From supporting small businesses to incentivising suppliers to adopt more sustainable practices, supply chain finance has a role to play in helping companies further their ESG goals.
It’s no secret that ESG has risen up the corporate agenda in the last year. Data from FactSet that was cited in a recent WSJ article found that 20 S&P 500 companies mentioned ESG or sustainability in earnings conference calls between October and December 2020, up from six companies three years earlier.
But this topic is not just a buzzword, and companies are looking for real ways to improve their green and sustainable credentials. According to Treasury Today’s 2020 Global Sustainability Study, 61% of respondents say sustainability is reflected in their organisations’ core values – and 43% reported that their partners are engaging with them on this topic.
One area which has the potential to help companies meet their ESG goals is supply chain finance. Mark Douglas, Managing Director, Strategic Accounts EMEA at PrimeRevenue, says that there are opportunities for companies to harness SCF both to improve their own ESG impact, and to influence the behaviour of their suppliers.
“The use of supply chain finance as a means to make sure you’re treating your suppliers with the appropriate level of care is starting to have real value,” says Douglas. “Through the lens of ESG, having standard payment terms with your suppliers, but also being able to give your suppliers the option to get paid when they like, is a way of being a good steward of those businesses – particularly small businesses.” As such, he says the firm is focusing on providing liquidity to a broader range of suppliers.
Where the upstream impact of supply chain finance is concerned, there are further opportunities to further companies’ ESG goals. One area of exploration is the use of ESG rating methodologies to determine which level of funding individual suppliers will receive – a topic that was explored in detail during a recent Treasury Today virtual roundtable. Frank Waechter, Global Director Treasury & Insurance at PUMA, explained the mechanics of the company’s ESG-linked supply chain finance arrangement that was developed with BNP Paribas.
Red, Amber, Green
While PUMA may have been an early adopter – the programme was first launched in 2016 – the idea of building ESG performance into supply chain finance is gaining traction. “Most of our customers are thinking about how you could put a ratings regime in place across the supply chain,” says Douglas, adding that this could enable suppliers that score well to gain access to green funding and sustainable funding.
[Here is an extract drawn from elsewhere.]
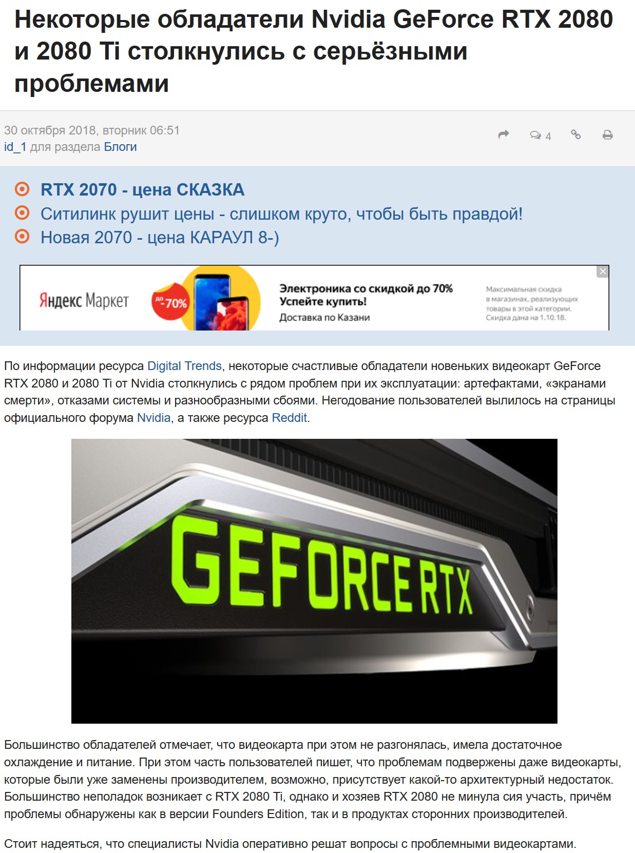 Добавлено спустя 24 минуты 43 секунды:Спустя некоторое время видеокарта начинает умирать. В большей степени ненадёжными оказалась GeForce RTX 2080 Ti в исполнении Founders Edition. RTX 2080 Founders Edition подвержены проблеме в меньшей степени, как и видеокарты в исполнении AIB-партнёров, но их это тоже касается. Спустя время наблюдаются артефакты, вертикальные полосы на экране, или картинка отсутствует вовсе.

Douglas explains that ESG scoring often works on a Red, Amber, Green (RAG) scoring model. In the context of supply chain finance, a company might have a standard pricing structure for suppliers rated as amber, while red suppliers might be offered a different price – or might not be eligible for supply chain finance at all.
“Then for suppliers who are ticked off by a rating agency as green, we’re confident we’ll be able to raise sustainability-linked funding which will hopefully carry a really attractive price for suppliers to aim towards,” he adds. As such, an important part of the structure would be the need for clear communication with suppliers to ensure they understand how they can improve their ratings.
Looking forward
At this point it is early days for the opportunity to incorporate ESG into supply chain finance – not least because of the lack of an industry standard. But while much activity is exploratory at this stage, Douglas says there is plenty of engagement from customers and funding on this topic.
“I think this has gone from something which is a nice-to-have to a genuine revolution,” he concludes. “I feel that in 20 years’ time we will look back and be amazed that anyone could raise funding in a business that isn’t carbon neutral, or on the way.”